La contienda entre Iván Cepeda, del Pacto Histórico, y Abelardo de la Espriella, de Salvación Nacional, suscitaron un intenso debate sobre el futuro de la democracia colombiana, la implementación de los acuerdos de paz, los derechos sobre la tierra, la migración y el papel del país en América Latina.

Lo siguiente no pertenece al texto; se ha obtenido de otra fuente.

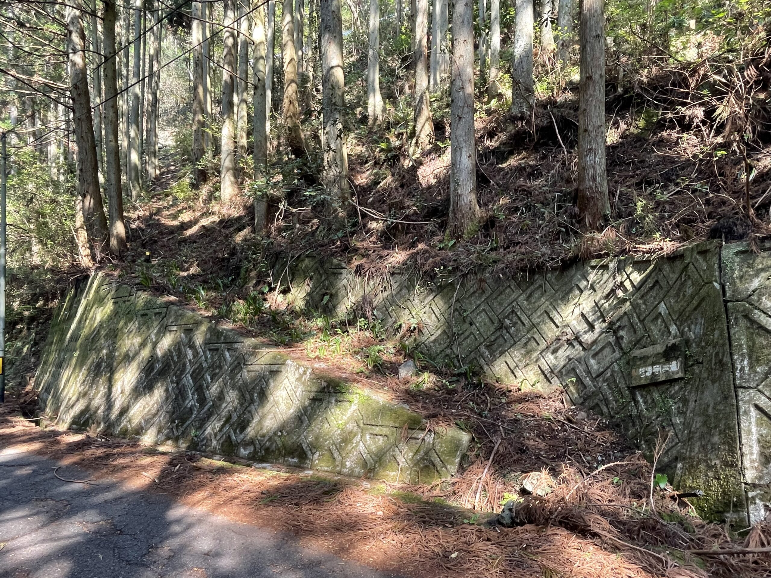14:45、灌頂ヶ滝を出発した。ここから車道を下り続けて「雄淵・雌淵」と呼ばれる滝を経由する道もあるらしいが、ずっと舗装路なうえ距離も少し長そうなので、「確認ポイント②」まで戻って行きと同じ山道を戻ることにした。さっき下ってきた坂道を分岐まで上り返す。途中で遊歩道のような看板を見つけた(行きは気づかなかった)。苔むして字がほとんど見えないが、「上勝町いやしのみち 県道(歩道)」と書かれている。看板しかり、その道?っぽいものもなかなかの雰囲気を醸しだしている。この道、生きてるのだろうか?くわばら…と思いつつ通り過ぎた。

Las elecciones se celebran en un momento crítico para una nación que lleva décadas lidiando con el conflicto armado, el desplazamiento y la polarización política. El resultado podría tener repercusiones significativas para la gobernanza democrática, los derechos humanos, los patrones migratorios y la estabilidad regional en todo el hemisferio.
Polarización
Beatriz Magaloni, profesora de Ciencias Políticas e investigadora principal de la Universidad de Stanford. Directora del Laboratorio de Pobreza, Violencia y Gobernanza; co directora del Democracy Action Lab, dijo que la polarización en las elecciones de América Latina, en el contexto de Colombia oculta problemas más profundos, como la incapacidad del Estado para garantizar la seguridad.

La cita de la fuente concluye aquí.